Rohini Nilekani (born 1960) is an Indian writer, author and philanthropist. She is the founder of Arghyam Foundation, a non-profit that focuses on water and sanitation issues, founded in 2001. She also chairs the Akshara Foundation, which focuses on elementary education. Nilekani serves as the co-founder and director of non-profit education platform, EkStep.

Early life 
Rohini grew up in a middle-class family in Mumbai, India. Her father was an engineer and her mother a homemaker. She holds a degree in French literature from Elphinstone College.

Career and work 
After completing her studies, Rohini started working as a reporter at the now-defunct Bombay Magazine in 1980 and later worked in Bangalore for Sunday magazine.

In 1998, she released her first novel, Stillborn, which was published by Penguin Books.
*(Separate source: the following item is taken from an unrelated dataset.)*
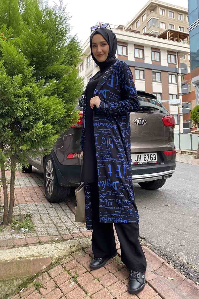MODAPİNHAN Siyah İndigo Yazılı Lü Takım

Stillborn was a medical thriller novel and was well received by the readers. She has written and published her own children's stories, Sringeri Series, published by Pratham Books, a non-profit publisher of children's books, which she co-founded in 2004.

Her second book, Uncommon Ground, a nonfiction work based on her reporting as an anchor of the 2008 Indian TV program of the same name. Uncommon Ground was also published by Penguin Books in 2011. In 2001, Rohini Nilekani founded Arghyam Foundation, a non-profit that works on water and sanitation issues and is funded by her personal endowment.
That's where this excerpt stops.